Despite the beautiful weather we had in March, followed by April having more snow than any other month this winter, spring has definitely arrived. We are still getting a roller coaster ride with temperatures soaring to beach weather one weekend followed by sub zero nights, but that is spring in the North!

The plants in my perennial gardens are now actively growing and spring bulbs are blooming, as I am sure yours are too. Now is the time for an application of fertilizer to help them thrive.

I like to use a granular, organic fertilizer at this time of year. We have a major deer problem where I live, so I use Fertilo Organic fertilizer. As well as being an excellent source of nutrients, the smell of the feather meal component in the mix keeps the deer out of my yard!

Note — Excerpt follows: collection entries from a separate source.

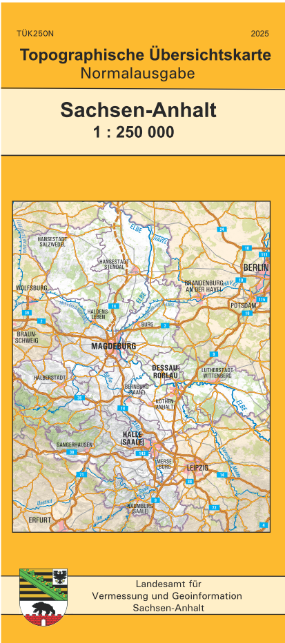 Die Topographische Übersichtskarte Sachsen-Anhalt 1:250 000 - Normalausgabe bildet das gesamte Landesgebiet auf einem Kartenblatt ab. In der Karte erfolgt die Darstellung topographischer Gegenstände wie Siedlungen, Verkehrsnetz, Gewässer und Vegetation in generalisierter Form sowie ...
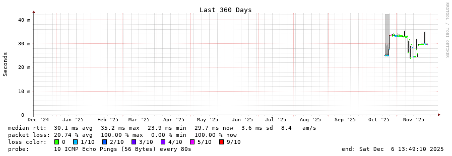 traceroute to 44.32.77.3 (44.32.77.3), 30 hops max, 60 byte packets - Generated at 2025-12-06 13:30:01
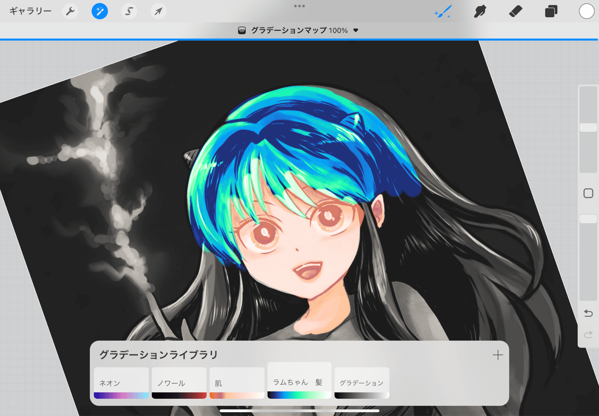 ▲その後、自作した「ラムちゃん 髪」のグラデーションマップで髪の毛を塗って見ました。
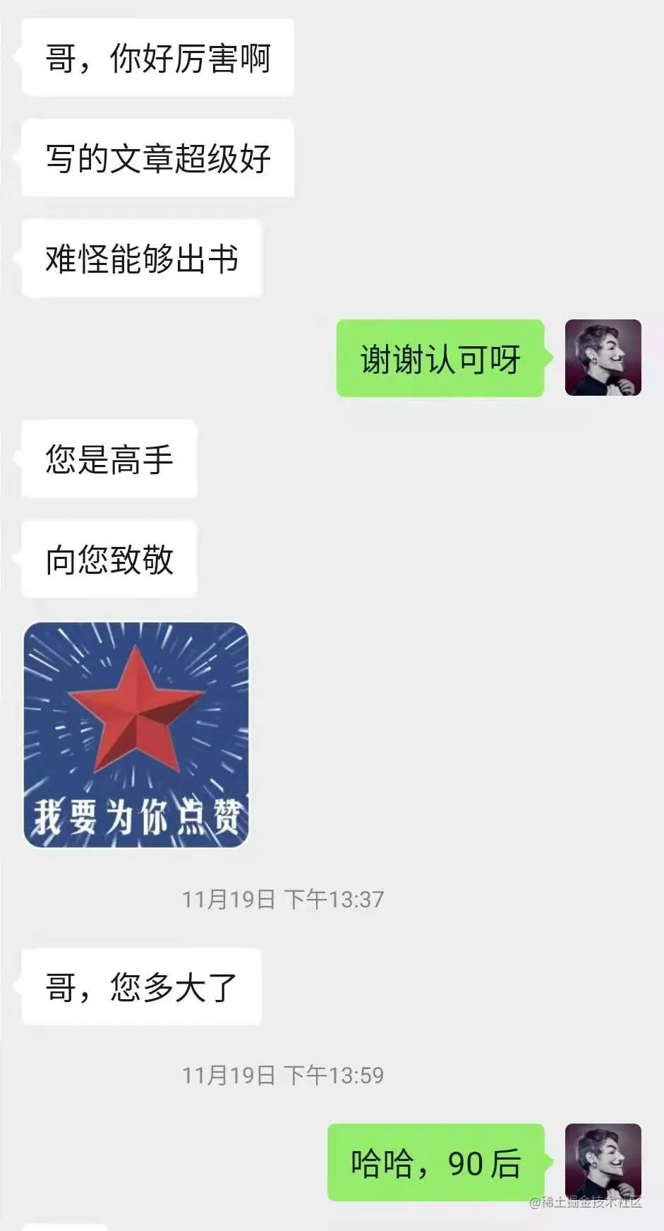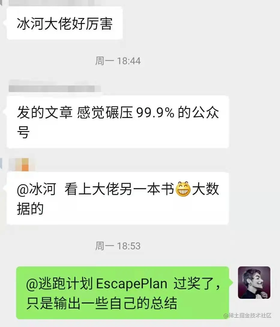 期间,公众号的文章也被很多小伙伴认可过。这种认可比出书还高兴啊,也给了我更多的动力去写好每一篇文章。这里,我就晒两张图吧。
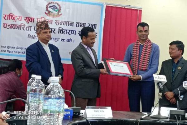 हंसपुरका खिम पन्थीलाई नेपाल सरकारबाट राष्ट्रिय युवा प्रतिभा सम्मान प्रदान
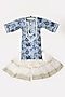 Featuring a blue kurta in cotton base with lace detailing and hand block print. It is paired with contrasting ivory sharara pants and a dupatta.
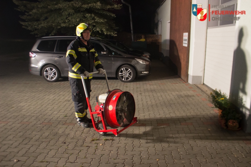 Zwei Atemschutztrupps suchten die vermissten Personen im großen Heu- Strohlager. Dabei wurde bei dieser Übung die Personenrettung in den Vordergrund gestellt. Durch gegenseitige Unterstützung der beiden eingesetzten Atemschutztrupps konnten die vermissten Personen rasch gefunden und ins Freie gebracht werden. Zeitgleich wurde die Beleuchtung aufgebaut und der Hochleistungslüfter in Stellung gebracht.
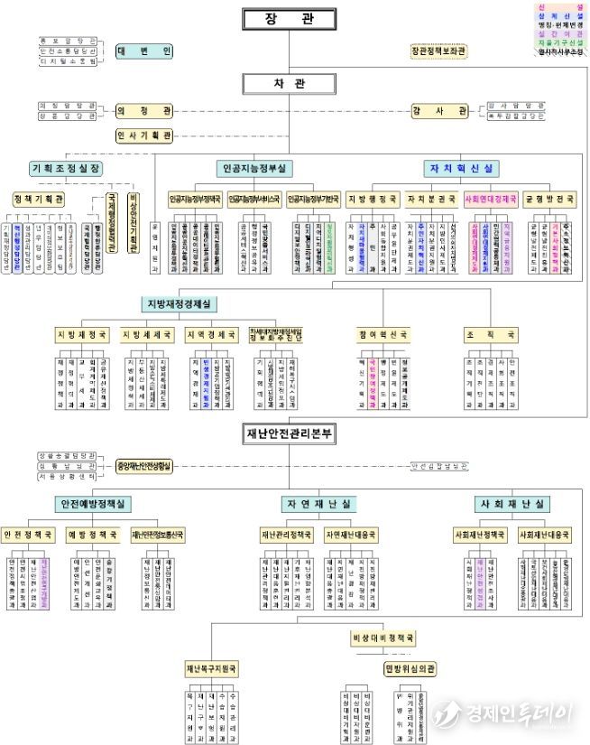 경제인투데이 류현민 기자 | 행정안전부는 인공지능(AI), 지방정부 및 국민안전 정책 수준을 한단계 더 높이고, 국정과제 추진동력을 강화하기 위한 조직개편을 실시했다고 밝혔다.
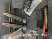 - Original Koffer, Putzzeug, 2 Magazine inkl. Verlängerung +2(17 Schuss) sowie normale Magazinböden (15 Schuss), 3 austauschbare Griffrücken S.M,L
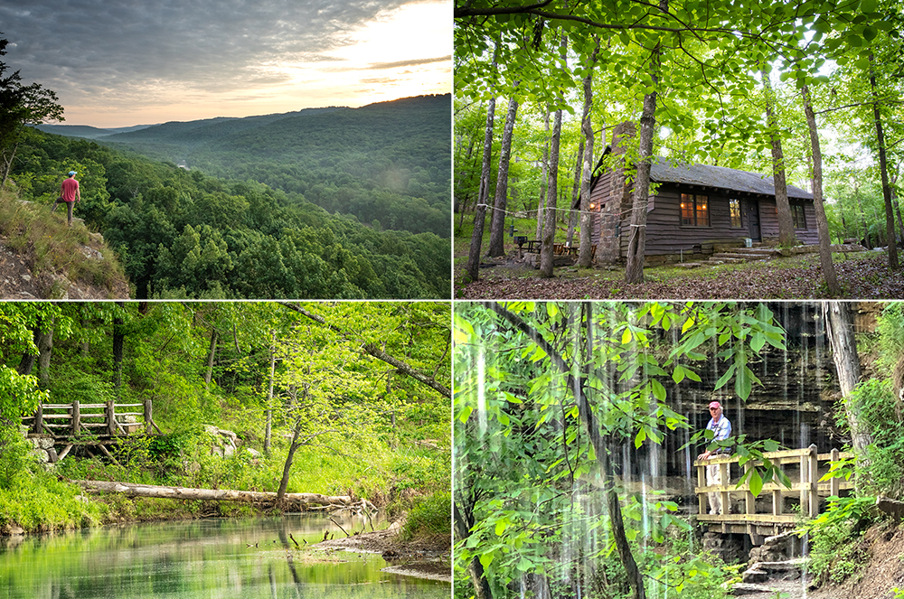 One of Arkansas’ many Civilian Conservation Corps projects, the park was built in the 1930s and is one of the state’s most treasured. Folks are drawn to it not only to enjoy the tranquility of Lee Creek and Devil Lake, but also because of the selection of hiking and mountain biking trails throughout its hills. For the novice, there are three walks around the lake and through the park’s beautiful forests. More ambitious visitors will find six moderate hikes. Yellow Rock Trail takes hikers up 300 feet in elevation, where there is a grand lookout over the entire park. The Devil’s Den self-guided Recreation Trail has perhaps the most to offer: Spanning a mere mile and a half, it includes grand vistas, lakeside trails and birdwatching opportunities as you hike above the canopy. It ends in climactic fashion with two stunning waterfalls located side by side – one you cross by way of a bridge and another you walk underneath.
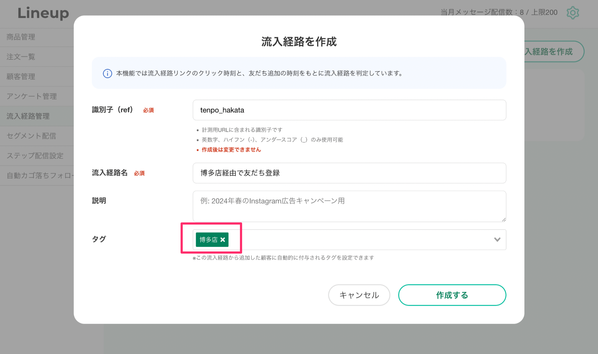 Lineupの流入経路計測機能では、友だち追加時に流入元を自動判別し、流入経路ごとに自動で友だちにタグ付け、管理画面上で閲覧が可能です。

To keep the deer from browsing all season long, I broadcast it throughout my gardens every three weeks. I use it a little lighter than the instructions recommend and don’t cultivate it into the soil. The first application is always as soon as the noses of my hosta plants poke out of the ground.

For a spring application of fertilizer for lawns and gardens, I do prefer an organic, granular type. It releases slowly as spring rains arrive, giving little boosts of nutrients frequently. Time your application to an expected rainfall so the fertilizer gets released to the roots.

Every fertilizer package has three numbers identifying the major nutrients provided. The first number is the percentage of nitrogen in the fertilizer. Nitrogen is the nutrient that promotes strong leaf growth. Spring lawn fertilizer is always highest in nitrogen.

The second number on the label is the percentage of phosphorous in the mix. This nutrient promotes healthy root growth. Fertilizer recommended for transplanting is always highest in phosphorous. Bonemeal is an example of this type. Its numbers are usually 0-14-2.

If you live in an area where wildlife, such as raccoons, squirrels or skunks tend to dig up you new plants, use a liquid transplanting fertilizer instead. It has the advantage of not attracting animals.

You may have noticed that good quality lawn fertilizer now has little or no phosphorous in it. That is because this particular nutrient is very slow to break down. Major testing throughout the province has shown that there is an adequate supply in the soil for healthy grass growth.

The last number on the fertilizer package gives you an indication of the percentage of potassium present in the mix. This nutrient promotes overall health, flower bud formation and plant hardiness. It is often the highest number on a package of fall fertilizer. It helps plants toughen up for winter.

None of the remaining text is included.